Gloria Pizzichini
- Country (sports): Italy
- Residence: Osimo Scalo, Italy
- Born: 24 July 1975 (age 50) Osimo Scalo
- Height: 1.53 m (5 ft 0 in)
- Turned pro: 1992
- Retired: 2005
- Plays: Right-handed (two–handed backhand)
- Prize money: $448,056

Singles
- Career record: 212–207
- Career titles: 1 WTA, 6 ITF
- Highest ranking: No. 45 (18 November 1996)
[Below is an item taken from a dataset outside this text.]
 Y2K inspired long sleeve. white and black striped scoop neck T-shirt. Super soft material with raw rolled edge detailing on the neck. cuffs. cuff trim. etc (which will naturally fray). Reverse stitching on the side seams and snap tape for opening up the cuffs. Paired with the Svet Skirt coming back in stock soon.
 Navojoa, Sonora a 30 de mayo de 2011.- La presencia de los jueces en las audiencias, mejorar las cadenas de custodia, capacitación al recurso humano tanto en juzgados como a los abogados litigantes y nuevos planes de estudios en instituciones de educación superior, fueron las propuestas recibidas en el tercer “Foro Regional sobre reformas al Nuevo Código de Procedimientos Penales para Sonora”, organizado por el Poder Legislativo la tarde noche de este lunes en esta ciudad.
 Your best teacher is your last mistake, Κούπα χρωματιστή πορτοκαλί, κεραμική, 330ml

Grand Slam singles results
- Australian Open: 1R (1993, 1997, 1998, 1999, 2002)
- French Open: 3R (1996)
- Wimbledon: 3R (1993)
- US Open: 2R (2000)

Doubles
- Career record: 70–77
- Career titles: 6 ITF
- Highest ranking: No. 90 (22 September 1997)
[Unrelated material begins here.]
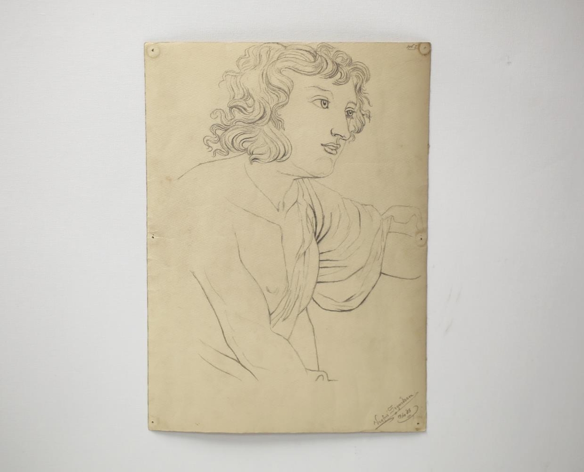 Blýantsteikning, sennilega eftir styttu eða málverki. Merkt "Vigfús Sigurðsson 19/10 ´03". Úr eigu Vigfúsar Sigurðssonar (f.3.08.1880 d.13.09.1943) frá Egilsstöðum í Fljótsdal.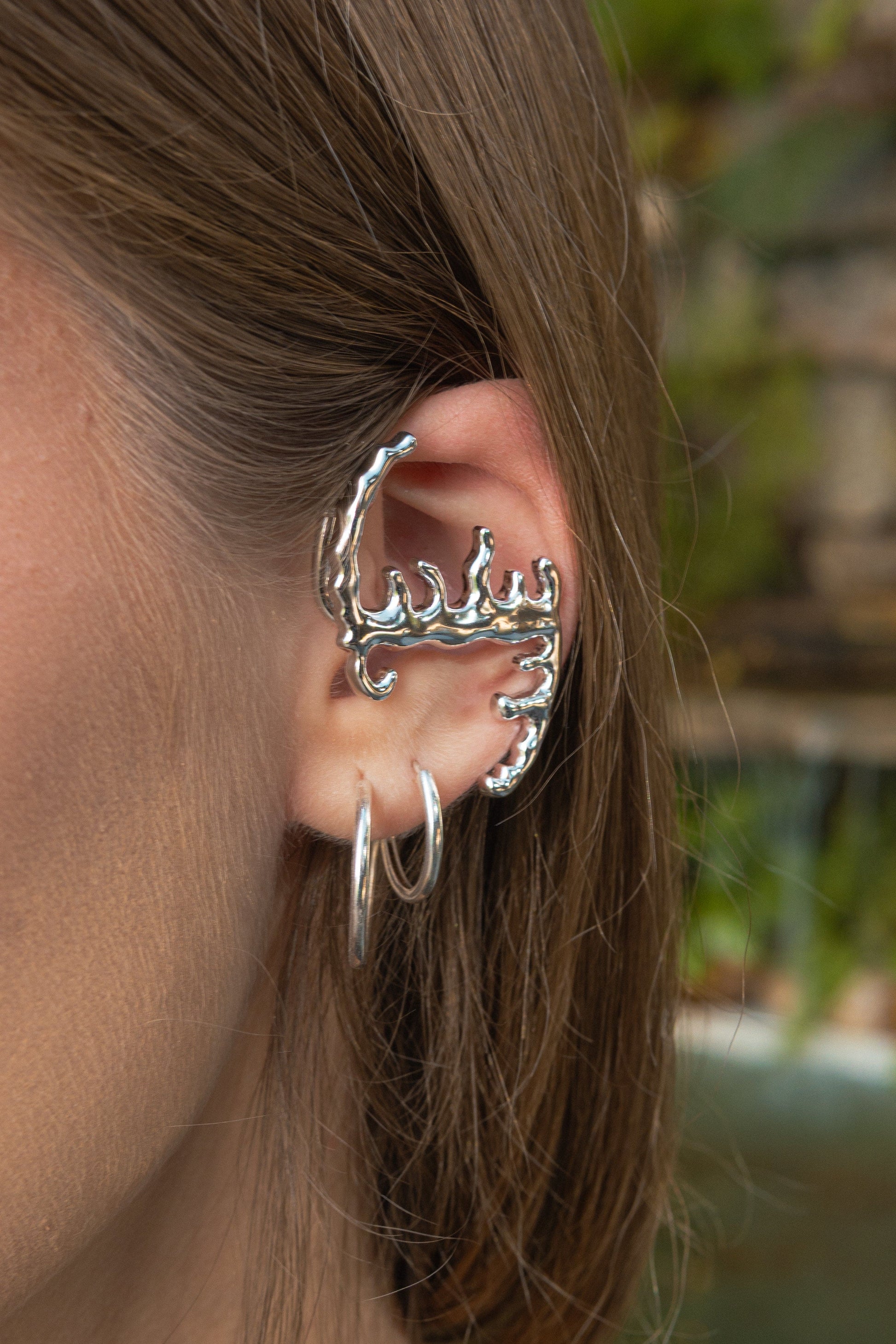 The Flammes Earrings were designed to follow the natural curves of the ear, fitting precisely along the upper and lower outer edges near the lobe. The visual effect is striking, as if small flames were contouring your ear, adding intensity and style to your look.

Grand Slam doubles results
- Australian Open: 1R (1997, 1998, 1999)
- French Open: 3R (1997)
- Wimbledon: 2R (1997)
- US Open: 1R (1995, 1997)

= Gloria Pizzichini =

Italian tennis player (born 1975)

Gloria Pizzichini (born 24 July 1975) is an Italian former tennis player.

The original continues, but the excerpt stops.